§ Your task
Print the lines from the one containing "Kylie Jenner and" through the end of the listing below, exactly as written. Any pictures stay out.

§ Dataset extract

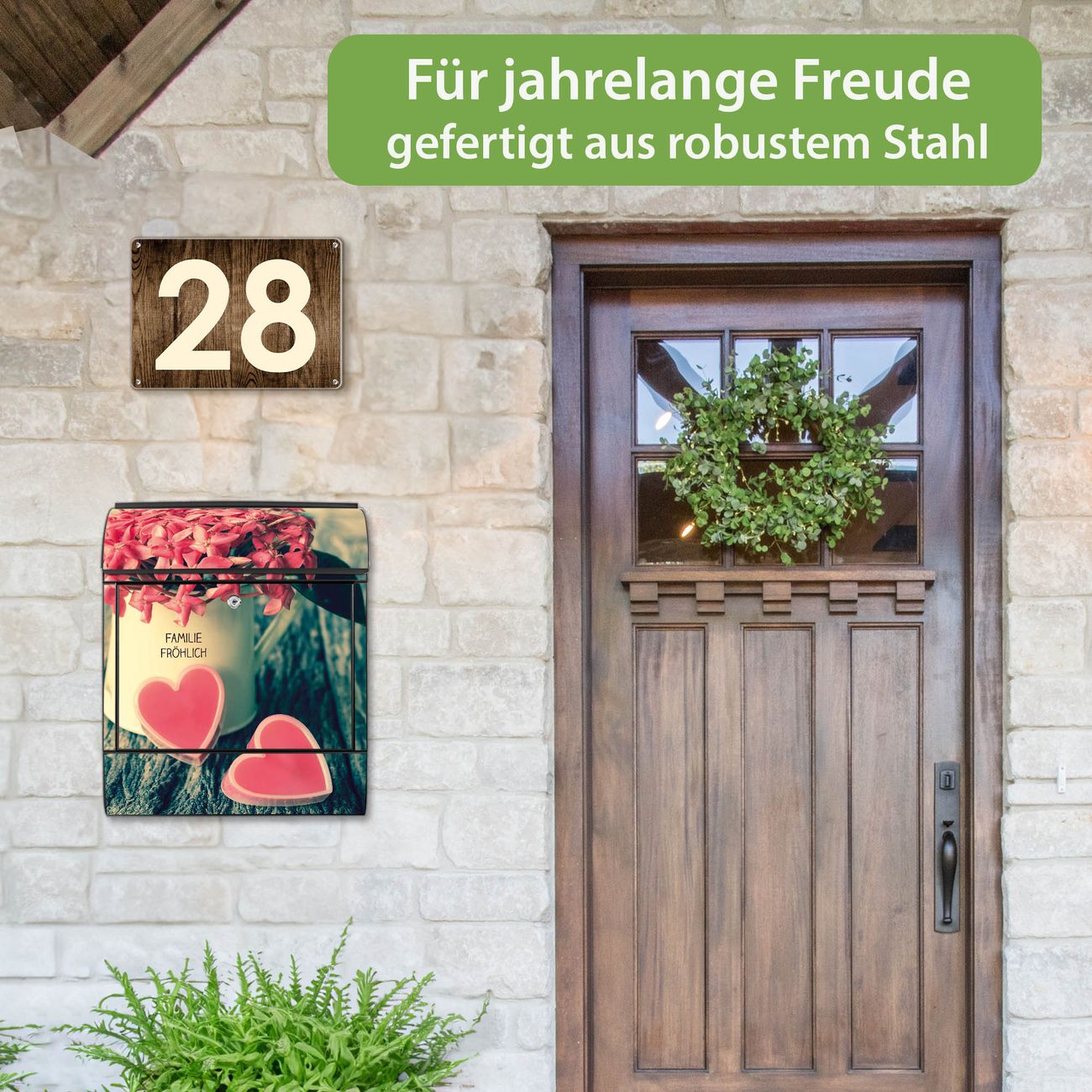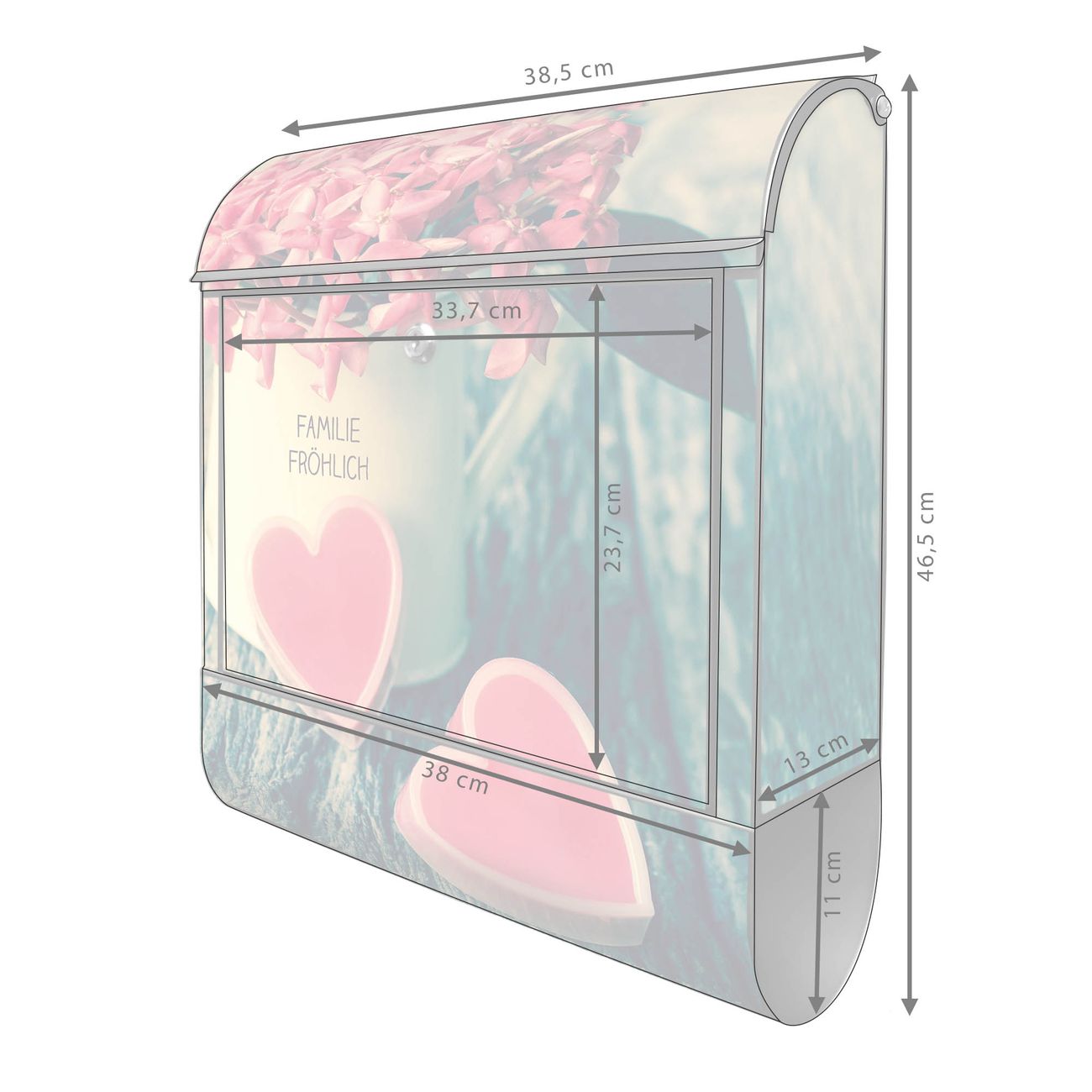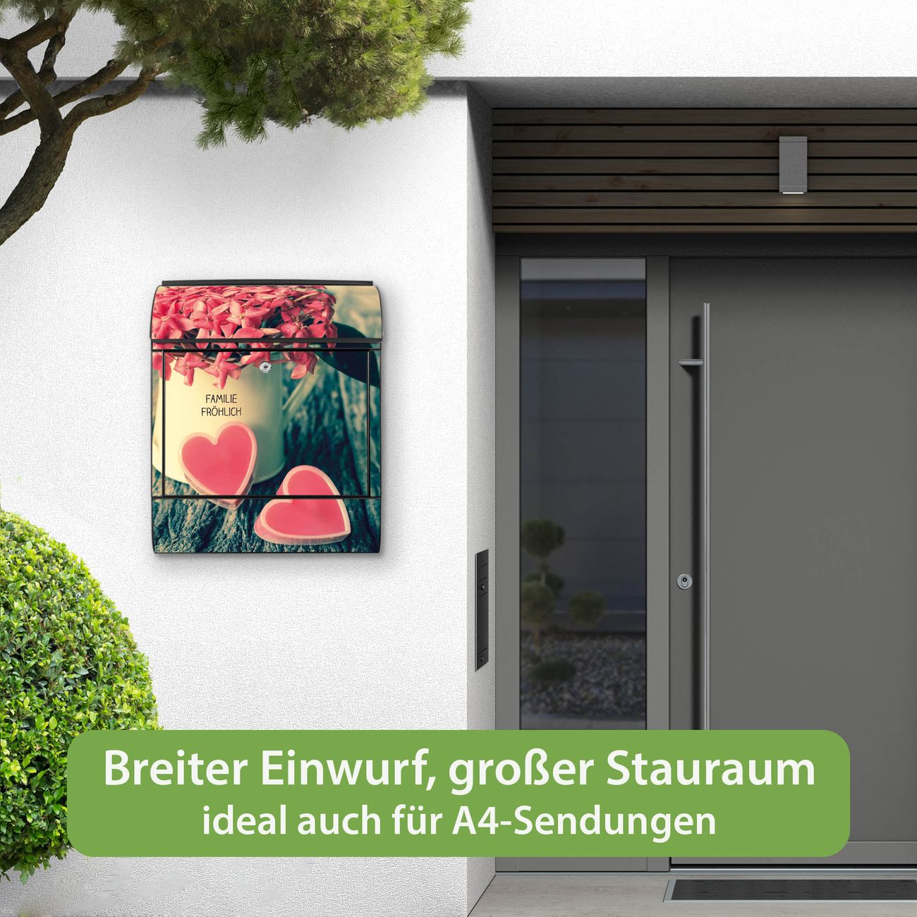 DESIGN: Der Postkasten mit Motiv Motiv Valentin hat ein sehr ansprechendes und ausgefallenes Design, damit entlocken Sie Ihren Nachbarn und dem Postboten ein Lächeln. Heben Sie Sich von der tristen grauen Masse ab, ohne auf Funktionalität zu verzichten. DETAILS: Der Postkasten besteht aus pulverbeschichtetem Stahl. Er ist 38x46x12,5cm groß. Das Motiv besteht aus einer wetter- und UV-resistenten Folie, die mit einem Schutzlaminat überzogen ist, sodass der Briefkasten zusätzlich vor Kratzern geschützt ist. Der Briefkasten wird mit Montagematerial, zusätzlich zwei Schlüssel sowie einer Bohrschablone geliefert. NUTZEN: Sie können diesen Briefkasten sowohl als Wandbriefkasten montieren oder einen passenden Ständer kaufen und als Standbriefkasten einbetonieren. Die Größe bietet genügend Platz für Sendungen aller Art, der Einwurf fasst auch größere A4 Sendungen. BANJADO: Ihr Briefkasten wird in Sachsen in einer kleinen Manufaktur von Hand veredelt. Die Motivfolie ist lösungsmittelfrei und schutzlaminiert für einen langen Halt. Wir legen großen Wert auf die Verbindung von Funktionalität und Design. Sie erhalten Handarbeit aus Sachsen.
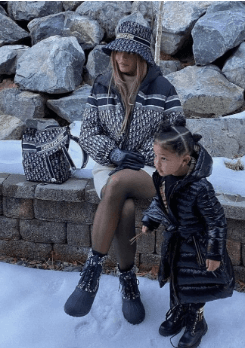 Kylie Jenner and her daughter Stormi Webster wearing matching Dior coats.
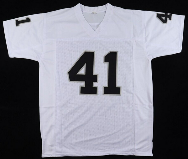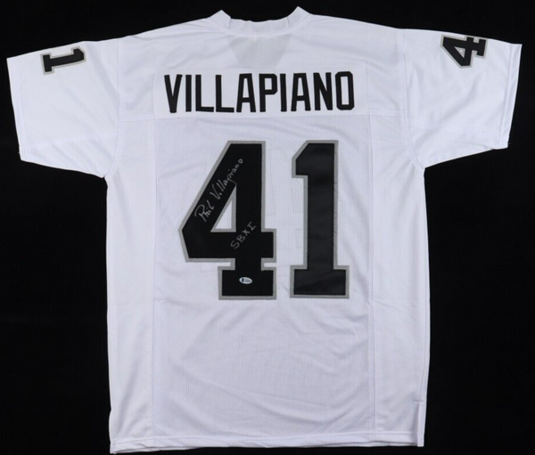 Custom jersey. Everything sewn on, size XL. Has been hand-signed and inscribed by Phil Villapiano. The lot / autograph(s) includes an official Beckett Authentication Services serially numbered hologram for authenticity...

§ Your solution
 Kylie Jenner and her daughter Stormi Webster wearing matching Dior coats.
 Custom jersey. Everything sewn on, size XL. Has been hand-signed and inscribed by Phil Villapiano. The lot / autograph(s) includes an official Beckett Authentication Services serially numbered hologram for authenticity...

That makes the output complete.